Handwriting, a Dying Art

I know this topic seems kind of random, but it came up recently and has been lingering in the back of my mind for a few days.

Now, I have to admit, I rarely physically write with a pen and paper anymore.  Aside from checks and the occasional note on our front door telling people not to ring our obnoxiously loud doorbell when Jibreel is napping, I almost always type – notes, letters, forms, lists, etc.  It’s almost always on a keyboard.

Maalik hates to write.
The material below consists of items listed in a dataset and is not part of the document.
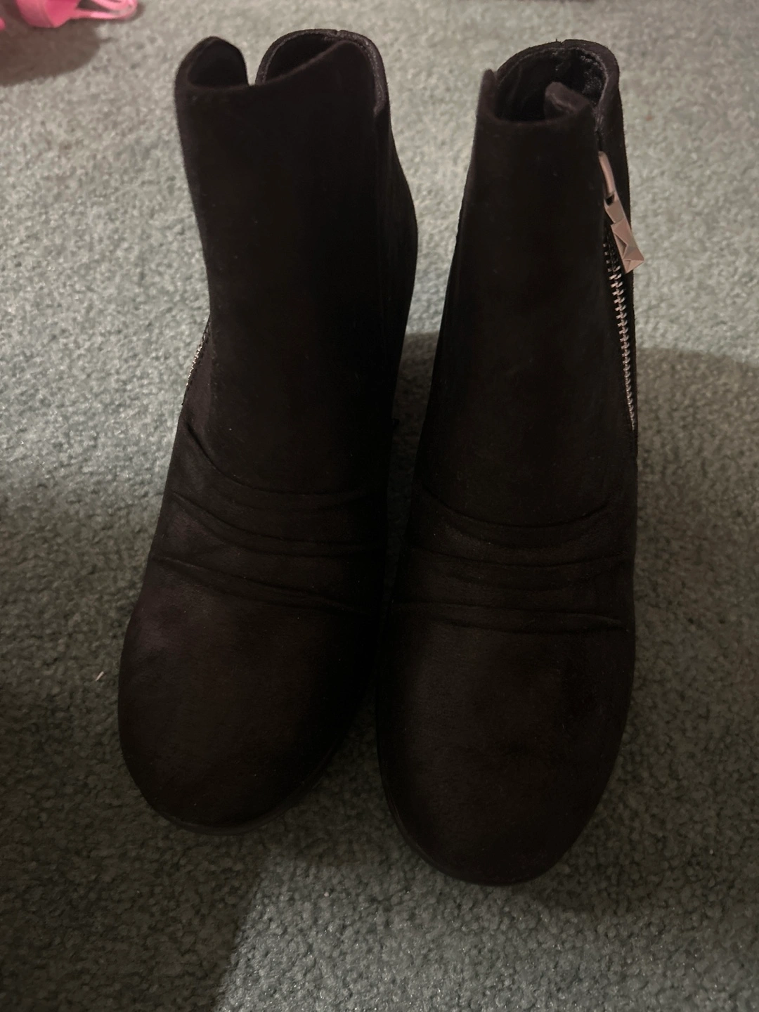 These are a pair of Skechers black wedge ankle boots in a size 6. They have a stylish zipper detail and come with the original box. They feature air-cooled memory foam for extra comfort and support. Boots are brand new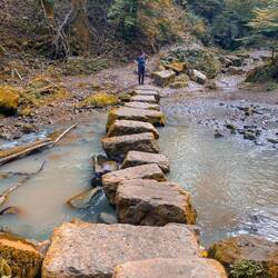 We continued through more woods and for the next kilometre or so it was all uphill until finally it levelled off and as we rounded a bend in the trail it started going down. We crossed more bridges, some over rivers and some of gaps in the gorges but all were incredible. At 10km in we both wished we brought more to drink but I knew it couldn’t be to much further and now we were almost back at ground level with the river next to us. Our final hurdle to leave the trail was to cross a bridge of stones running through the river. Ellie told me to film her crossing incase she fell in which I did but that also left me with 2 phones in my hand so I hoped I didn’t fall in because that would have been seriously expensive.
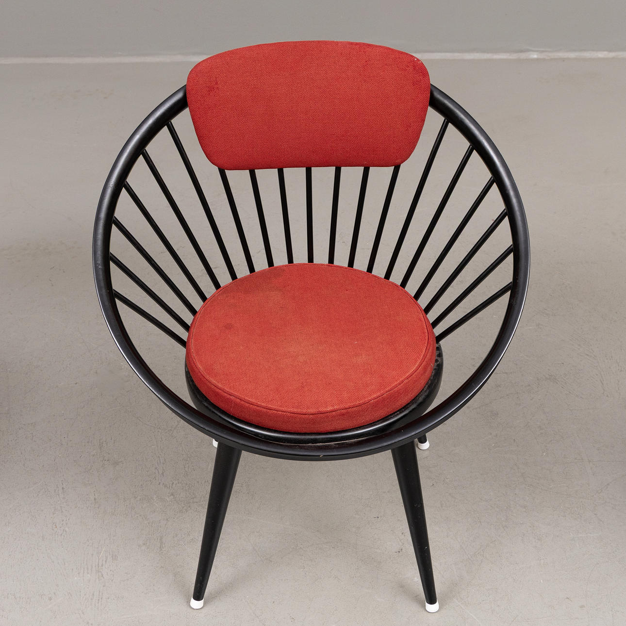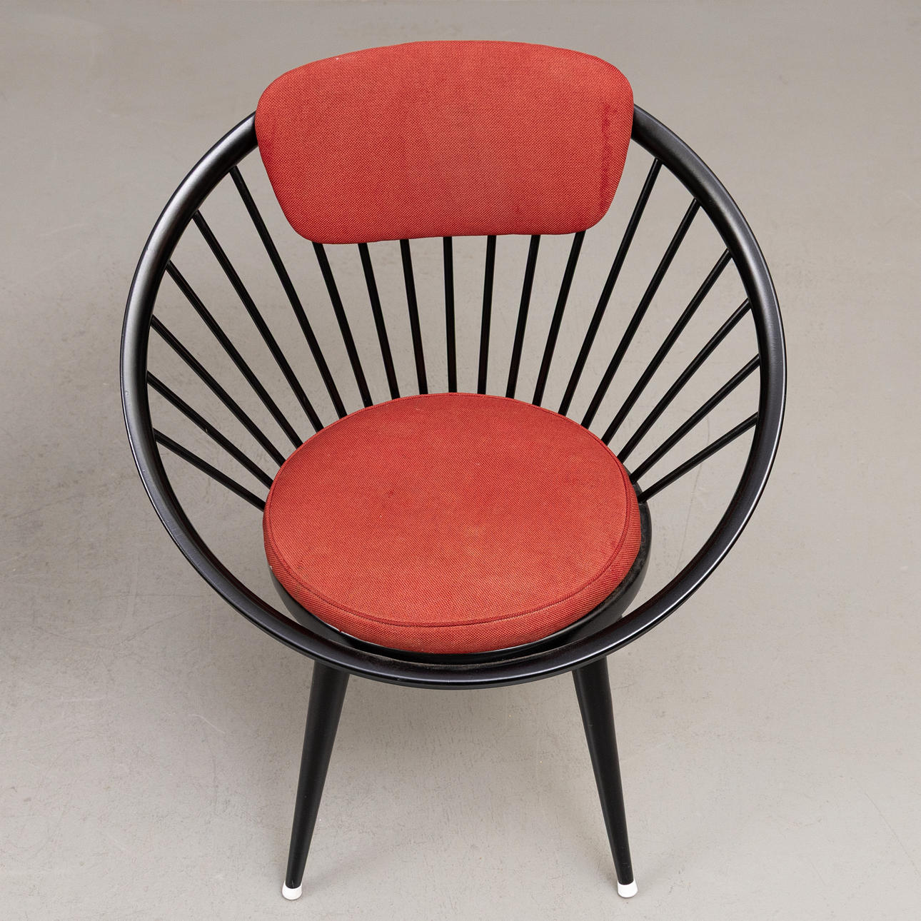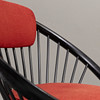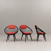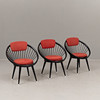 Tre fåtöljer med stomme i svartlackerat trä, stoppad textilklädd sits och ryggbricka. En stol etikettmärkt

He’s only 4, so I guess that’s not too big a deal.  Not big on coloring either.  However, he LOVES the computer.  He likes to type, and spell and play games.  It just comes easily to him.  Holding a marker or crayon, not so much.  The issue isn’t his interest in reading or spelling, he really enjoys that, it’s the physical handwriting.  So I mention this to a friend one time, and she says, as long as he gets the concept, so what, no one really writes anymore.  It really made me  wondering if that was truly the case.  Whether it’s now, or 10 years from now, our dependence on technology only seems to increase, and we really do seem to have less use for physical handwriting.  Even in schools, reports are now typed, and cursive, while still taught, is getting less and less emphasized and dropping by the wayside.   I remember when beautiful handwriting was lauded by teachers.  It was something to be proud of.  Nodaway, most kids (and adults) handwriting more closely resemble chicken scratch.

It’s a little sad.  Handwriting, calligraphy, etc, it’s an art form in and of itself.  Beautiful handwriting in any language is really one of the most aesthetically pleasing modes of communication. The style in which it’s written conveys as much a message as the content written about.  It conveys a little something about the author as well and something to be appreciated.  It’s a bit of a shame that as time progresses, rather than it being a common skill, like it was in the days of our forefathers (look at how beautifully the Constitution or Declaration of Independence are written) to something possessed by a select few.

As happy as I am that Maalik catched on to things quickly on a computer, I think there is something to be said of good old-fashioned handwriting.  He might not be good at it when the time comes, and he might not like it, but I think it’s still important to learn.  Hopefully he’ll gain an appreciation for it as he gets older.